Was an employer responsible for psychiatric illness caused by occupational stress?

Was an employer responsible for psychiatric illness caused by occupational stress?
Helen Hughes
Solicitor, Veale Wasbrough Vizards

This was the question in the recent High Court decision in Easton v B&Q plc. Whilst very fact-specific, the conclusion in this case was 'no'.

The claimant in this case, Mr Easton, was a high performing store manager who became ill with depression through stress from work and was signed off work for five months. Mr Easton returned to work on an agreed phased basis which was unsuccessful and he was subsequently re-certified as unfit for work with depression.

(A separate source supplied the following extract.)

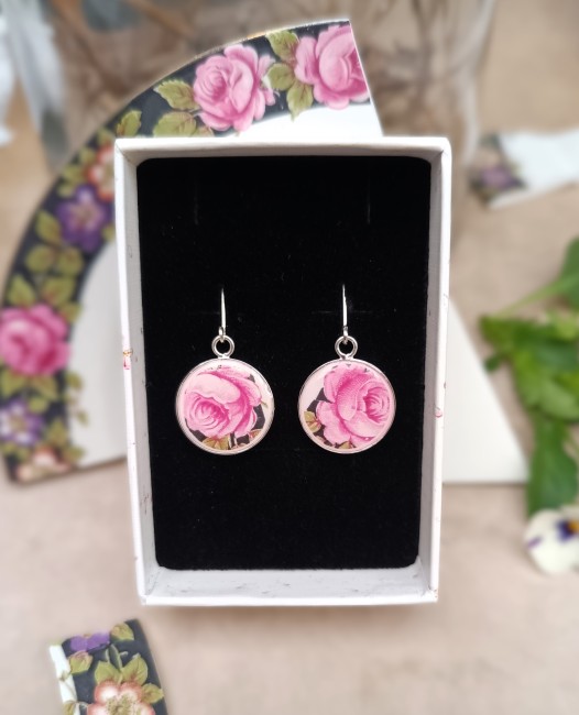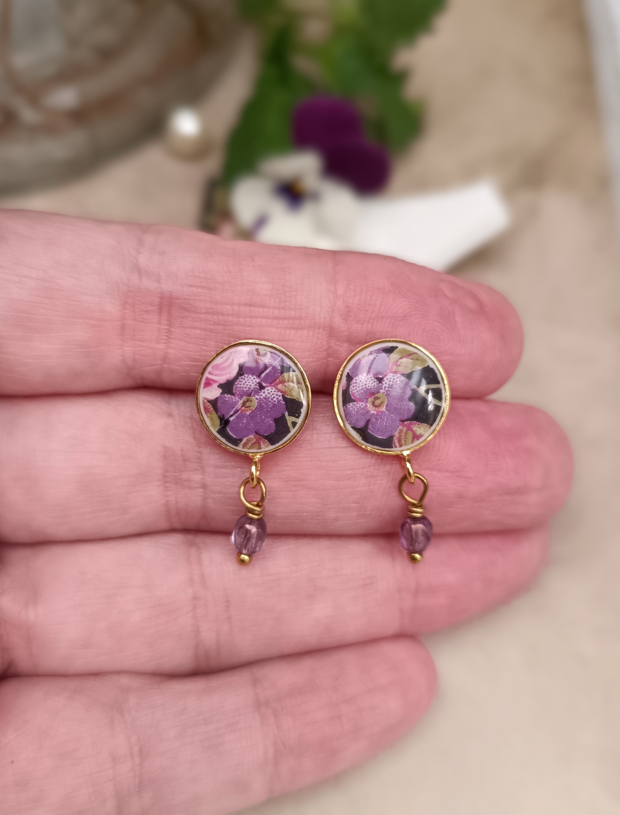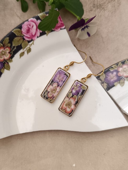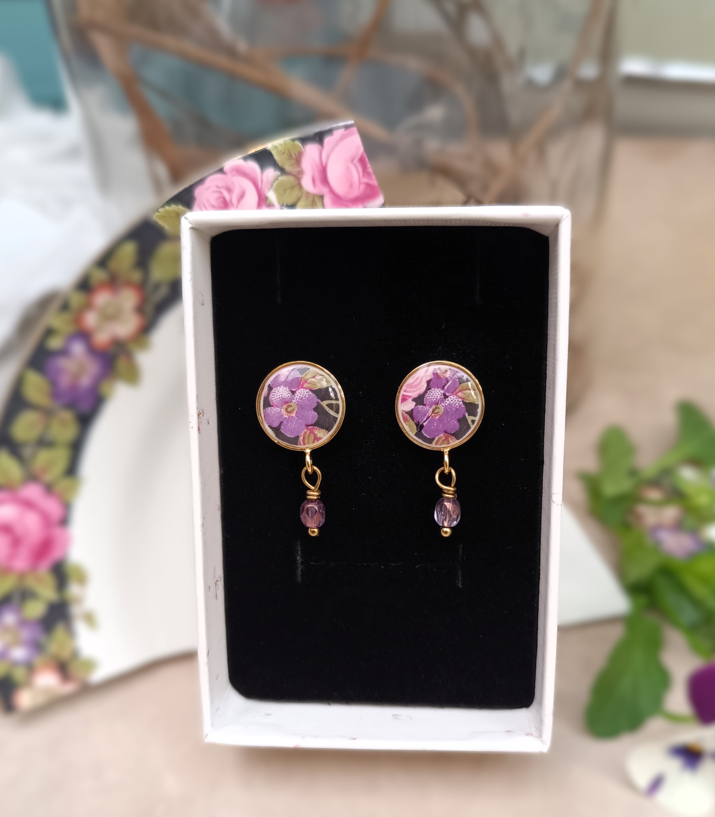 Ces puces d’oreilles sont nées de la transformation de sous-tasses dépareillées en porcelaine anglaise, soigneusement sélectionnées pour la finesse de leurs motifs.

Mr Easton brought a claim against his employer, asserting that he became ill through occupational stress and that this occupational stress was due to the negligence and/or breach of statutory duty on the part of his employer, B&Q. Mr Easton claimed damages in the region of £1 million for psychiatric injury caused by occupational stress.

B&Q accepted that Mr Easton had suffered a psychiatric illness and that the illness, at least in substantial measure, was caused by occupational stress. Its primary case was that Mr Easton's illness was not foreseeable at any stage. B&Q claimed that it did not act in breach of any duty whether prior to the onset of the psychiatric illness or at the time of the return to work.

The High Court considered whether Mr Easton's injury was reasonably foreseeable by B&Q and concluded on the facts of this case that Mr Easton's depression was not foreseeable at any stage. As a result, Mr Easton's claim for damages failed.

The High Court clarified that an employee who returned to work after a period of sickness without qualification implied that he believed himself to be fit to work as before.

The High Court found that the fact that Mr Easton was taking medication when he returned to work was not determinative on how the situation should be handled by B&Q. It is not uncommon for employees to be taking medication whilst still in work and it does not mean that a relapse was foreseeable by the employer.

The High Court also considered the fact that B&Q had not carried out a general risk assessment for Mr Easton and held that this was not a breach of their duty as an employer. B&Q had a policy for staff on managing stress, in which employees were advised to notify their employer of any symptoms of the illness. The Judge found that Mr Easton had not done this and that in any case, a risk assessment would not have affected the outcome.

Best practice

The judgment in Easton v B&Q signals no departure from previous case law in this area.

This case is however a useful reminder to employers that the foreseeability threshold in damages claims for psychiatric injury is high. There is no general obligation on employers to make searching or intrusive enquiries of employees on a return to work after a period of sickness absence and employers may take at face value what employees tell them. Nonetheless, it should also be noted that stress cases are highly fact specific and each case should be considered on its own circumstances.